• _DATA_:

--------------------------------

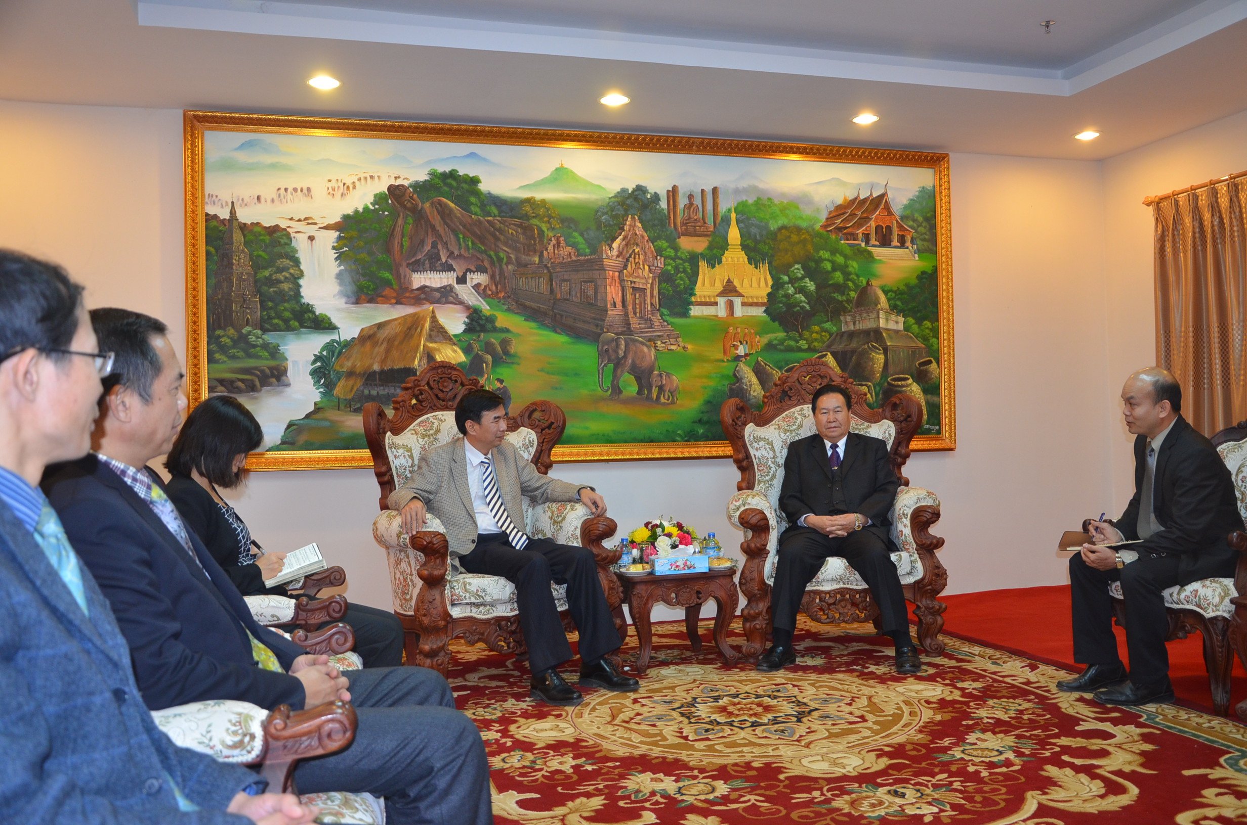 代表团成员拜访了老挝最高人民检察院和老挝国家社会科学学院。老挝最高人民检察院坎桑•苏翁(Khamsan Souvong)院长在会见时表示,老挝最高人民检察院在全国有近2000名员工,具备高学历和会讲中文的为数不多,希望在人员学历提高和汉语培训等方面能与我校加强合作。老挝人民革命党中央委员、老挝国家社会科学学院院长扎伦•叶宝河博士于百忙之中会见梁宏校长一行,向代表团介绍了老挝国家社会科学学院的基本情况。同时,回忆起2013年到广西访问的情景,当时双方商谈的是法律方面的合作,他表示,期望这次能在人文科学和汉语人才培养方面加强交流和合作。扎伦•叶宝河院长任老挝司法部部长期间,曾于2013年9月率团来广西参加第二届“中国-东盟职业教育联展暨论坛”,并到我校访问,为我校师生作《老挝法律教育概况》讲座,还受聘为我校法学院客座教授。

--------------------------------

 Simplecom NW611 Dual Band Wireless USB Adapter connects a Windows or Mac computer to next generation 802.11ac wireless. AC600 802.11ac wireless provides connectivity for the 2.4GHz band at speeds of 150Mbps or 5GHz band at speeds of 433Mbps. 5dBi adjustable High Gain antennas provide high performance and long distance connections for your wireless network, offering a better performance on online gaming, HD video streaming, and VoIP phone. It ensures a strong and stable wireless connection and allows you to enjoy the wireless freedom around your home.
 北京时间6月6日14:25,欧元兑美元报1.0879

--------------------------------

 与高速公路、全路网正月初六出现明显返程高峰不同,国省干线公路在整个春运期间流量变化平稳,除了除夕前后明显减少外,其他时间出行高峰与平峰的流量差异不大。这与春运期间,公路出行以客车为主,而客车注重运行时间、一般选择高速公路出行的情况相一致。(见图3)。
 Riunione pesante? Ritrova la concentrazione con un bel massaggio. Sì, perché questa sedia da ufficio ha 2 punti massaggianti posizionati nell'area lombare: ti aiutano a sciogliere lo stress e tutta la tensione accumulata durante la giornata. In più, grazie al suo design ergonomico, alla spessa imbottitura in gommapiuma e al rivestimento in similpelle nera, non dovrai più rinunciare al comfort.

--------------------------------

• _EXERCISE_:
An exact copy of the lines above, from the one containing "与高速公路、全路网正月初六出" down to the one containing "Riunione pesante? Ritrova" and including both, is the whole answer; retype it and nothing else.

• _ANSWER TO THE PROBLEM_:
 与高速公路、全路网正月初六出现明显返程高峰不同,国省干线公路在整个春运期间流量变化平稳,除了除夕前后明显减少外,其他时间出行高峰与平峰的流量差异不大。这与春运期间,公路出行以客车为主,而客车注重运行时间、一般选择高速公路出行的情况相一致。(见图3)。
 Riunione pesante? Ritrova la concentrazione con un bel massaggio. Sì, perché questa sedia da ufficio ha 2 punti massaggianti posizionati nell'area lombare: ti aiutano a sciogliere lo stress e tutta la tensione accumulata durante la giornata. In più, grazie al suo design ergonomico, alla spessa imbottitura in gommapiuma e al rivestimento in similpelle nera, non dovrai più rinunciare al comfort.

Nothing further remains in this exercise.